Impact of Race on Outcomes of Advanced Stage Non-Small Cell Lung Cancer Patients Receiving Immunotherapy

Author:

Pasli Melisa1ORCID,Kannaiyan Radhamani2,Namireddy Praveen3,Walker Paul4,Muzaffar Mahvish3ORCID

Affiliation:

1. Brody School of Medicine at East Carolina University, Greenville, NC 27834, USA

2. Division of Hospital Medicine, Eat Carolina University Health, 2100 Stantonsburg Road, Greenville, NC 27834, USA

3. Division of Hematology/Oncology, East Carolina University, Greenville, NC 27834, USA

4. Circulogene, Birmingham, AL 35209, USA

Abstract

Background: The impact of race in advanced stage non-small cell lung cancer (NSCLC) patients treated with immune checkpoint inhibitors (ICIs) is conflicting.
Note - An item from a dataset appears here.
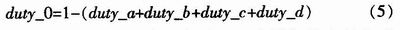 以虛擬整流器、逆變器均工作在第一扇區(qū)為例,相量合成的固定空間電流、電壓相量分別是I6、I1和U6、U1,兩個空間相量的綜合調制采用相互嵌套的辦法來實現。整個輸入相電流和輸出相電壓相量合成共有I6-U6、I6-U1、I1-U6、I1-U1、I0-U0 5種組合。每一相量組合的作用時間用占空比duty來表示。等式(1~5)反映了占空比的計算公式。占空比可以通過表1來分配給相應的開關組合。

Our study sought to examine racial disparities in time to treatment initiation (TTI), overall survival (OS), and progression-free survival (PFS) using a population that was almost equally black and white. Methods: This was a retrospective cohort study of stage IV NSCLC patients > 18 years receiving immunotherapy at our center between 2014 and 2021. Kaplan—Meier curves and the multivariate Cox proportional hazards model determined the predictors of OS and PFS. Analyses were undertaken using IBM PSAW (SPSS v.28). Results: Out of 194 patients who met the inclusion criteria, 42.3% were black (n = 82). In the multivariate analysis, there was no difference in PFS (HR: 0.96; 95% CI: 0.66,1.40; p = 0.846) or OS (HR: 0.99; 95% CI: 0.66, 1.48; p = 0.966). No difference in treatment selection was observed between white and black patients (p = 0.363), nor was there a difference observed in median time to overall treatment initiation (p = 0.201). Conclusions: No difference was observed in OS and PFS in black and white patients. Black patients’ reception of timelier immunotherapy was an unanticipated finding. Future studies are necessary to better understand how race impacts patient outcomes.